Knapp anderthalb Jahre nachdem ein Strafbefehl in Höhe von DM 1.200 (oder 30 Tage Haft) ergangen war, hat der zuständige Oberstaatsanwalt die Klage gegen Ernst Seler zurückgezogen. Dem Kläger in Sachen "Kruzifixe in bayerischen Klassenzimmern" war vorgeworfen worden, er habe am Rande einer Pressekonferenz im August 1995 das Kruzifix mit einem "erigierte(n) Penis" verglichen. Seler hatte bestritten, diesen Satz überhaupt gesagt zu haben, kam der polizeiliche Vorladung aber nicht nach, da ihm die Begleitung durch eine Vertrauensperson verweigert wurde. Daraufhin erließ das Amtsgericht den Strafbefehl, gegen den Selers Anwältin Widerspruch einlegte.

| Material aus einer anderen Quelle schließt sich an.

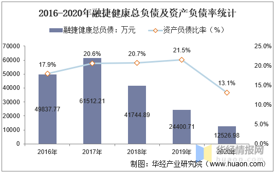 2016-2020年融捷健康总负债及资产负债率统计
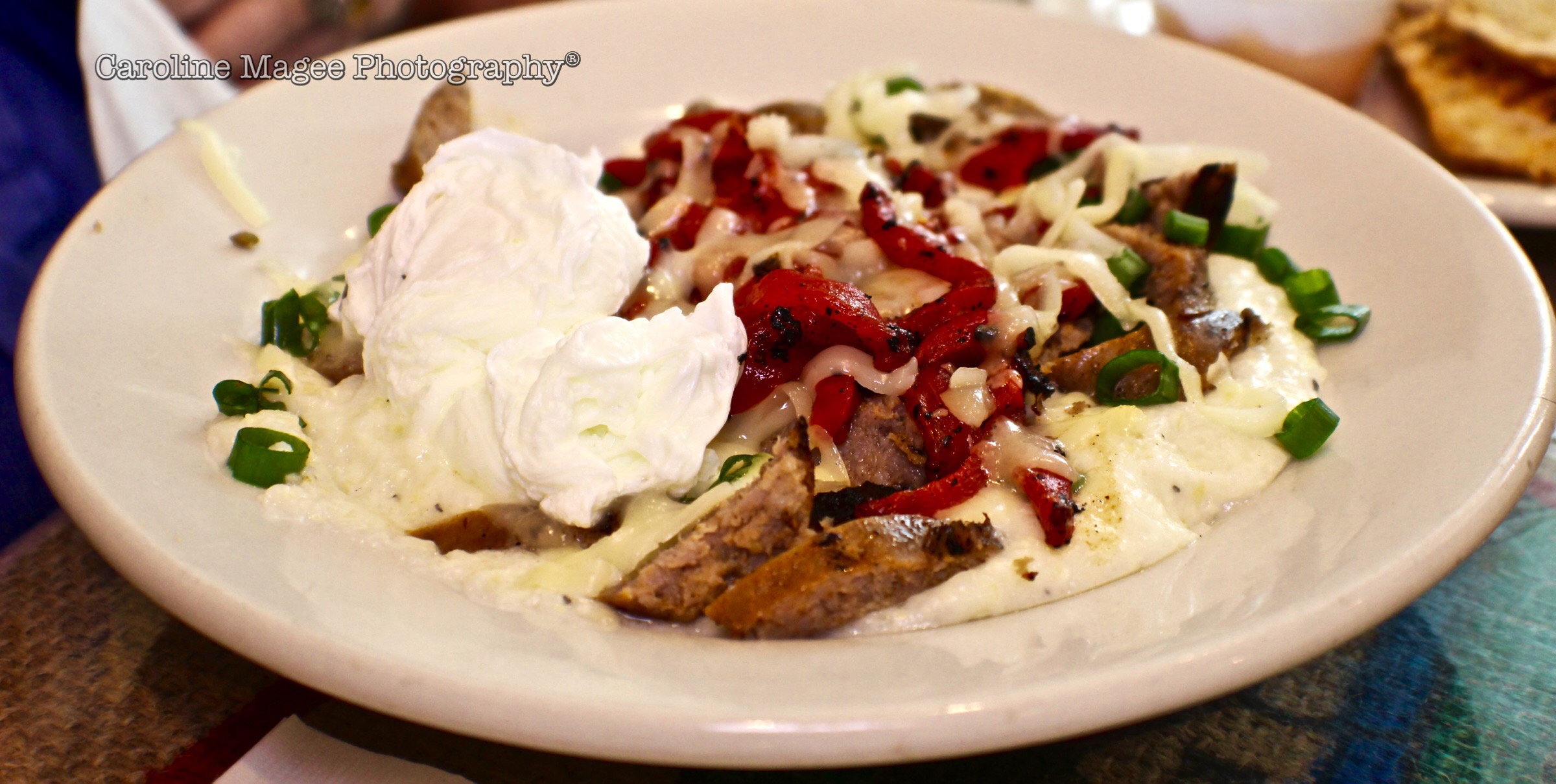 “Italian grits” : fontina cheese, house Italian sausage, green onions, roasted red bell peppers, asiago cheese. Served with one poached egg, ciabatta toast, and house made apple and fig preserves
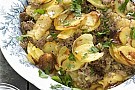 5. Varva potatis, lök och kött i en djup ugnsfast gryta. Börja och avsluta med potatisen. Salta potatisen i varje lager.
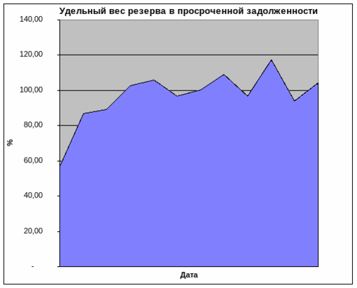 Удельный вес резерва в просроченной задолженности
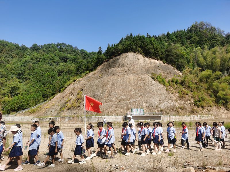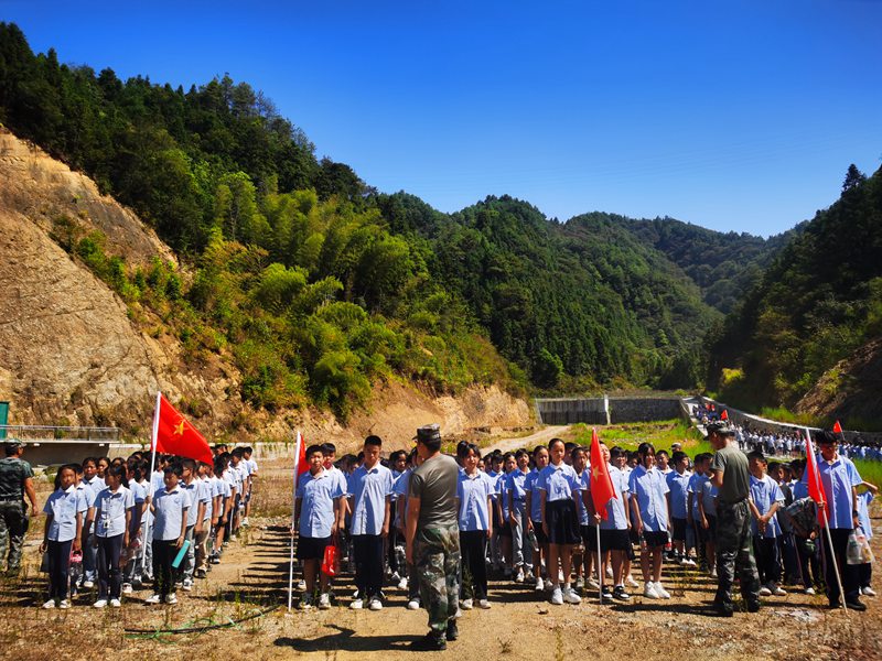 在烈阳下,一支稚嫩的行军队伍浩浩荡荡,向着队旗飘洋的方向出发。在良好秩序的保证下,全校师生不到一小时就来到岩溪村。稍作休整后,以年级为单位进行野外队列练习及拉歌比赛,口号声此起彼伏,威武雄壮,凸现着中华少年之神气。
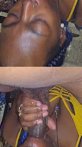Blond black Caribbean cutie giving a sloppy oral pleasure to a BBC
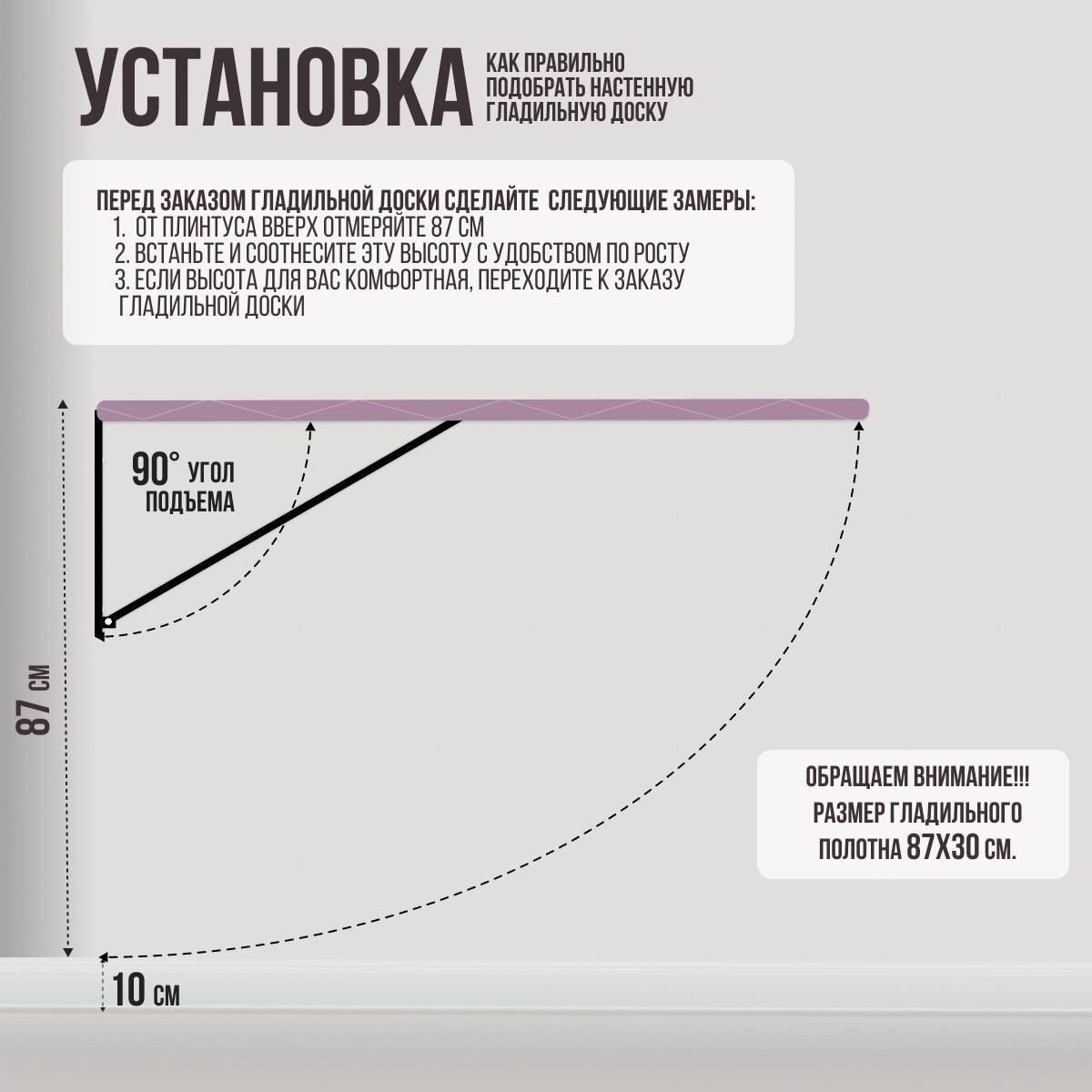 | Дополнительная информация | складная; имеется усиленное металлическое крепление к стене; можно установить на необходимой высоте, удобной для глажки с учетом роста |
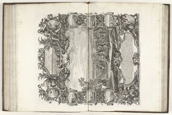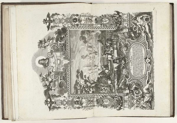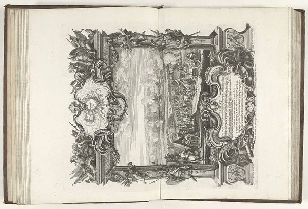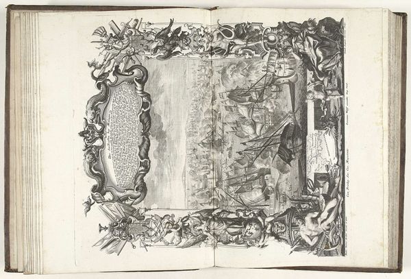 Curator: Here we have "Zeeslag in de baai van Vigo, 1702," an engraving created between 1712 and 1715 by Johann August Corvinus, residing here at the Rijksmuseum. Editor: My first impression is pure intricacy. Look at how busy this print is! The eye hardly knows where to land. The greyscale tones give it a somber feel. Curator: The piece commemorates the naval battle of Vigo Bay in 1702. Corvinus utilizes complex symbolism, like the allegorical figures around the main scene. See how they frame the chaos of war with emblems of power, victory, and perhaps even loss. The text on the right acts as a sort of written record, doesn't it? Editor: Exactly, but notice how even the allegorical framing speaks volumes about the material conditions and worldview surrounding the production of prints like these. Engraving requires skilled labor, precise tools, and expensive materials. It's about control—carefully imposing an image and narrative. The symmetry, even within that seeming chaos, speaks of imposed order. Curator: True, but consider that symmetry, or rather near-symmetry, also echoes the psychological urge to create balance amid turmoil. Those swirling patterns and figures reflect, perhaps, a hope for harmony and understanding after conflict. It also hints at cycles of power—rising and falling empires. Editor: The question remains for me, how does that symbolic intent relate to the hands that etched the plate? It speaks to the patronage systems. These artisans, commissioned to produce such works, translated events through very particular economic filters. And in terms of composition, it has more to do with commercial market demands than cultural healing. Curator: Perhaps both hold equal weight. Looking at it again, I can't deny how profoundly that technical craft translates, even centuries later, into this enduring statement about a pivotal moment. Editor: And I’m still marveling at how materials shape perception and meaning—a printed testament of both historical memory and a bygone production era.

Für den 5.Juni 1997 war die Hauptverhandlung angesetzt, auf der es um die Frage gehen sollte, ob das Kruzifix als "spezifisches Glaubenssymbol des Christentums ..., welches die im Opfertod Christi vollzogene Erlösung des Menschen von der Erbschuld" versinnbildliche, durch den Vergleich mit einem Sexualorgan "in einer Weise beschimpft (wurde), die geeignet war, das allgemeine Friedensgefühl innerhalb der christlichen Bevölkerung nachhaltig zu stören". Die Verteidigung wollte zu diesem Termin ein Gutachten des ehemaligen Dekans der katholisch-theologischen Fakultät der Universität Wien, Hubertus Mynarek, vorlegen, in dem diese Frage unter den verschiedensten Gesichtspunkten erörtert wird. Dazu kam es jedoch nicht, da die Staatsanwaltschaft mit einem auf den 22.April datierten Schreiben ihre Klage zurückzog und die Verhandlung daraufhin abgesetzt wurde.

Damit ist der durchsichtige Versuch gescheitert, Ernst Seler mit Hilfe der Justiz für seinen Widerstand gegen den institutionalisierten Verfassungsbruch des Freistaates Bayern abzustrafen.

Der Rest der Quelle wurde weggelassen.